Do you think these conversations with partners will motivate junior employees to aim higher?

Absolutely. It gives them insight into what being in a partner role involves, as well as creating a relationship whereby the junior individual can feel like partnership is a real possibility. It also gives them a chance to increase their network and exposure within the firm, which is of huge benefit.

The junior individual in the pair we have already spoken about, since engaging in that mentoring relationship, he has really reflected on what it is he wants to be doing within the organisation. He has now changed teams and changed roles, and realised that actually he can have bigger aspirations than perhaps he might have done before.

Long term, what’s the overall aim of the reverse mentoring scheme?

Our goal is to review the program on an ongoing basis, getting feedback from both the partners and the more junior employees but the hope is that we will be able to roll out additional cohorts on a six monthly basis to expand the program and outreach across the organisation and also across our various UK offices. We do have mentoring pair now across the UK and we want to increase and expand that, but do it in a measured way where we can best support the individuals as well. So additional growth is basically what we want to achieve.

Has anything a bit unexpected happened since the scheme has been rolled out?
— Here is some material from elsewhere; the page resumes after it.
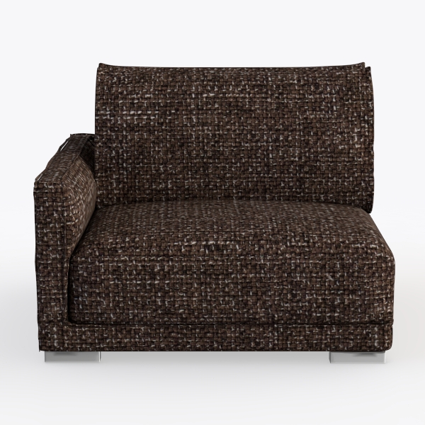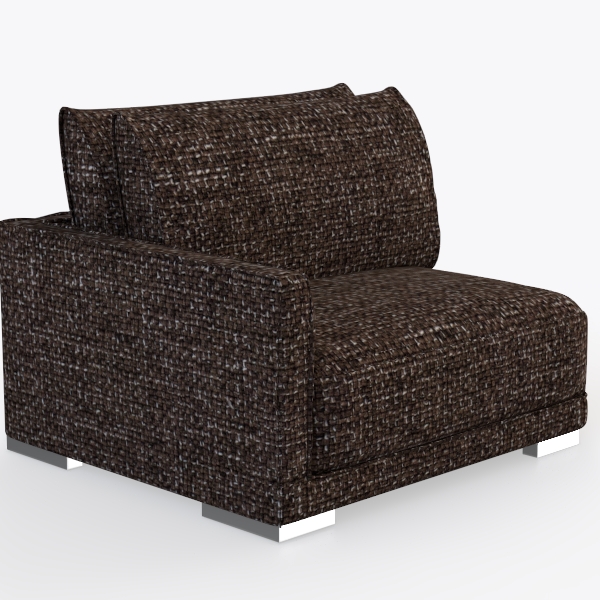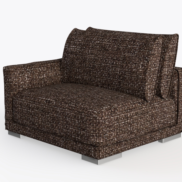 This armchair takes cues from the timeless allure of natural materials, merging warm, earthy charm with modern simplicity. Its surface features a rich, textured weave in deep browns and subtle cream accents, where each thread variation creates a soft, inviting tactile experience—smooth to the touch yet surprisingly resilient, making it both comforting and long-lasting. The interplay of light across the fabric adds depth, giving the piece a warm, lived-in look that feels grounded yet fresh.

Has there been any unusual viewpoints?

I don’t think anything unexpected has happened, I think we had a lot of partners who were willing to be put forward and volunteer – initially we didn’t think we would get as many as we have had. Because it is currently just Kathryn and I rolling out this programme, we did have to control how big we made it for the first cohort to make sure we could do it successfully. We’ve had a really positive response, with increased levels of engagement from the partners who have got mentors, so nothing unexpected in that sort of way, but just a lot of learning at both ends of the organisation.

Do you think reverse mentoring has a good impact on overall wellbeing?

I think so, for a number of reasons. Reverse mentoring often challenges the hierarchy and power relationships within an organisation. For a lot of people it’s the first time where somebody more junior is actually, in many ways, driving the relationship. It also has a positive impact on wellbeing because it allows more junior employees to feel that their voices are being heard by more senior colleagues, giving them more power to affect change.

So it has a real positive impact because you see subsequent action which enables you, as an employee, to be more engaged in the firm, to believe in the firm but also to actually to see your own career aspirations potentially coming to fruition by virtue of that. I think for the more senior employees it also enables an increased connection with how the firm is actually working on the ground which can be really beneficial.

I think often when you’re more senior and may have been in the organisation for a long time, your experience is very different to somebody coming into the organisation today. Things you maybe take for granted in terms of the culture, must be continuously reviewed, so this type of engagement has a really positive impact in terms of that as well.

Do you think reverse mentoring has given junior employees a sense of empowerment?

I absolutely do, I think it’s enabled junior employees to feel a more of a sense of belonging to the organisation and feel like their voices are being heard, and to also build up a sense of community. As it’s a group of people who are all on the program at the same time, they are able to build up a broader network of like-minded employees than maybe they would have had exposure to before. Similarly through the various networking events taking place, even though they all have a direct mentor or mentee, they also have additional exposure to other partners so that’s been hugely positive.